Available data below:
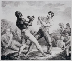 caucasian · people · black · male · sport · hand · country · french · france · body · bodies · white · museum · boxer · fighting · boxing · location · century · physique · muscular · muscles · fist · fists · boxers · muscle · topless · pugilist · boxing ring · clenched fist · the met · metropolitan museum of art · the metropolitan museum of art · 19th century · black white · black and white · boxing match · nineteenth century · the body · bare-knuckle boxing · lithograph · theodore gericault · gericault · theodore · gericault · jean louis andre · géricault · théodore · théodore géricault · heritage art · géricault · jean-louis-andré-théodore · gericault · jean-louis-andre-theodore · jean-louis-andre-theodore gericault · théodore gericault · jean-louis-andré-thé · Heritage Art/Heritage Images
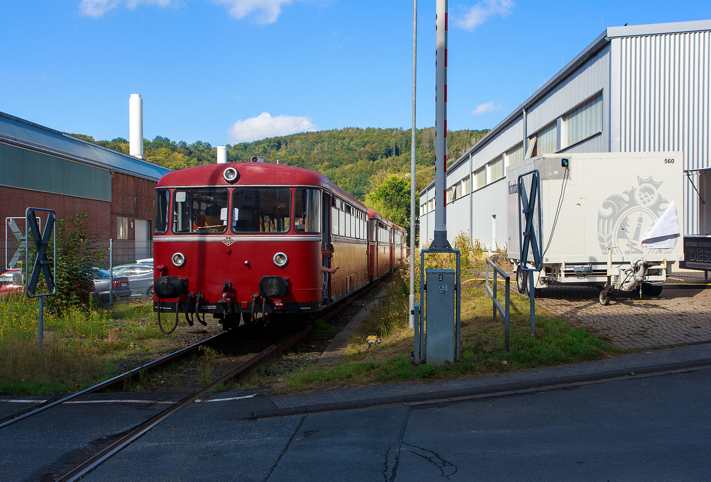 An diesem Wochenende war bundesweit an vielen Orten im Rahmen der "Europäische Mobilitätswoche" der „Tag der Schiene 2023“ so auch in Siegen beim KSW Bahnhof Siegen-Eintracht war am 17.09.2023 Tag der offenen Tür, dazu reisten auch die Oberhessische Eisenbahnfreunde e. V. mit einer Schienenbus-Garnitur aus Gießen an und tätigten zudem zwei Pendelfahrten von Siegen nach Betzdorf (Sieg) und zurück. Hier erreicht die vierteilige Schienenbus-Garnitur der Oberhessische Eisenbahnfreunde e. V. Gießen den KSW Bahnhof Siegen-Eintracht, nach der ersten Pendelfahrt. Die Komposition bestand aus dem: • Ehemaligen Betzdorfer Schienenbus Steuerwagen VS 996 677-1 (95 80 0 996 677-0 D-OEF), ex DB 998 677-9, ex DB VS 98 077. Gebaut 1959 von der Waggonfabrik Uerdingen AG in Krefeld-Uerdingen unter der Fabriknummer 66518. • Schienenbus Triebwagen VT 798 589-8 (95 80 0 798 589-7 D-OEF), ex DB VT 98 9589. Gebaut 1956 von der Waggon- und Maschinenbau GmbH in Donauwörth (WMD) unter der Fabriknummer 1225. • Schienenbus Beiwagen VB 996 310-9 (95 80 0996 310-8 D-OEF), ex DB 998 310-7, ex VB 98 2310. Gebaut 1962 von der Waggonfabrik J. Rathgeber AG in München unter der Fabriknummer 20302/25. • Schienenbus Triebwagen VT 798 829-8 (95 80 0798 829-7 D-OEF), ex DB VT 98 9829. Gebaut 1962 von der Maschinenfabrik Augsburg-Nürnberg AG (MAN) unter der Fabriknummer 146611. So waren in dieser Schienenbus-Garnitur auch alle vier Hersteller vertreten.
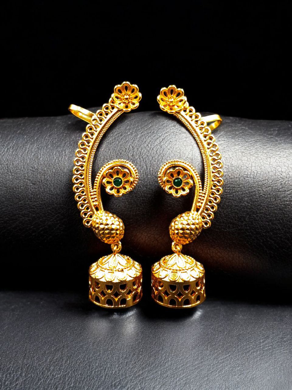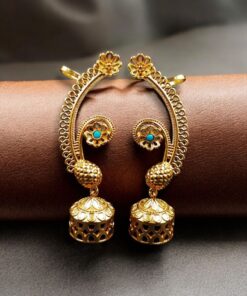 Perfect for women who love bold ethnic jewelry, this Gold Plated Jhumka Earcuff suits all age groups and styling preferences. It can be worn alone as a standout piece or paired with minimal jewelry to maintain a balanced, elegant appearance.
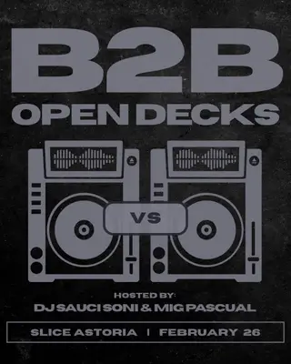 B2B Open Decks takes place at Slice Astoria in New York, United States on February 26, 2026. Featuring Kristen London, DJ Sauci Soni. House and Hardcore sounds all night.
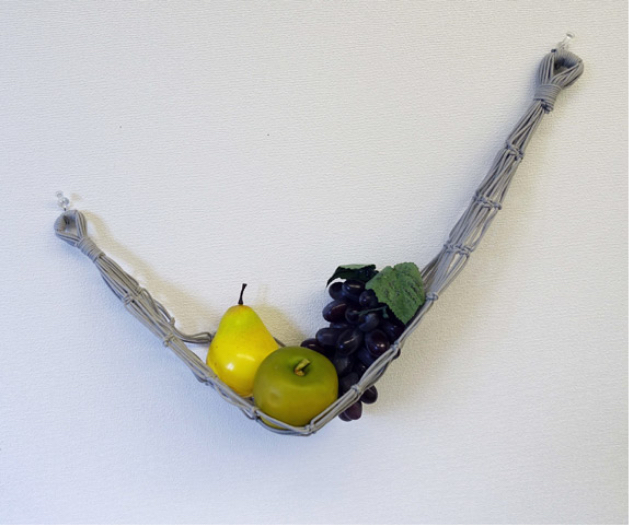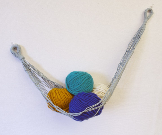 お部屋のいろいろをすっきりと。“プラントハンガーゲージで作るハンモックスタイルの雑貨ストッカー”は大小2タイプ。編みかけのニット作品やおやつなど、色々なものをおしゃれに収納しましょう。
End of Available data.
> Your objective
Write every entry out again exactly, images omitted.

> Exercise result
 caucasian · people · black · male · sport · hand · country · french · france · body · bodies · white · museum · boxer · fighting · boxing · location · century · physique · muscular · muscles · fist · fists · boxers · muscle · topless · pugilist · boxing ring · clenched fist · the met · metropolitan museum of art · the metropolitan museum of art · 19th century · black white · black and white · boxing match · nineteenth century · the body · bare-knuckle boxing · lithograph · theodore gericault · gericault · theodore · gericault · jean louis andre · géricault · théodore · théodore géricault · heritage art · géricault · jean-louis-andré-théodore · gericault · jean-louis-andre-theodore · jean-louis-andre-theodore gericault · théodore gericault · jean-louis-andré-thé · Heritage Art/Heritage Images
 An diesem Wochenende war bundesweit an vielen Orten im Rahmen der "Europäische Mobilitätswoche" der „Tag der Schiene 2023“ so auch in Siegen beim KSW Bahnhof Siegen-Eintracht war am 17.09.2023 Tag der offenen Tür, dazu reisten auch die Oberhessische Eisenbahnfreunde e. V. mit einer Schienenbus-Garnitur aus Gießen an und tätigten zudem zwei Pendelfahrten von Siegen nach Betzdorf (Sieg) und zurück. Hier erreicht die vierteilige Schienenbus-Garnitur der Oberhessische Eisenbahnfreunde e. V. Gießen den KSW Bahnhof Siegen-Eintracht, nach der ersten Pendelfahrt. Die Komposition bestand aus dem: • Ehemaligen Betzdorfer Schienenbus Steuerwagen VS 996 677-1 (95 80 0 996 677-0 D-OEF), ex DB 998 677-9, ex DB VS 98 077. Gebaut 1959 von der Waggonfabrik Uerdingen AG in Krefeld-Uerdingen unter der Fabriknummer 66518. • Schienenbus Triebwagen VT 798 589-8 (95 80 0 798 589-7 D-OEF), ex DB VT 98 9589. Gebaut 1956 von der Waggon- und Maschinenbau GmbH in Donauwörth (WMD) unter der Fabriknummer 1225. • Schienenbus Beiwagen VB 996 310-9 (95 80 0996 310-8 D-OEF), ex DB 998 310-7, ex VB 98 2310. Gebaut 1962 von der Waggonfabrik J. Rathgeber AG in München unter der Fabriknummer 20302/25. • Schienenbus Triebwagen VT 798 829-8 (95 80 0798 829-7 D-OEF), ex DB VT 98 9829. Gebaut 1962 von der Maschinenfabrik Augsburg-Nürnberg AG (MAN) unter der Fabriknummer 146611. So waren in dieser Schienenbus-Garnitur auch alle vier Hersteller vertreten.
 Perfect for women who love bold ethnic jewelry, this Gold Plated Jhumka Earcuff suits all age groups and styling preferences. It can be worn alone as a standout piece or paired with minimal jewelry to maintain a balanced, elegant appearance.
 B2B Open Decks takes place at Slice Astoria in New York, United States on February 26, 2026. Featuring Kristen London, DJ Sauci Soni. House and Hardcore sounds all night.
 お部屋のいろいろをすっきりと。“プラントハンガーゲージで作るハンモックスタイルの雑貨ストッカー”は大小2タイプ。編みかけのニット作品やおやつなど、色々なものをおしゃれに収納しましょう。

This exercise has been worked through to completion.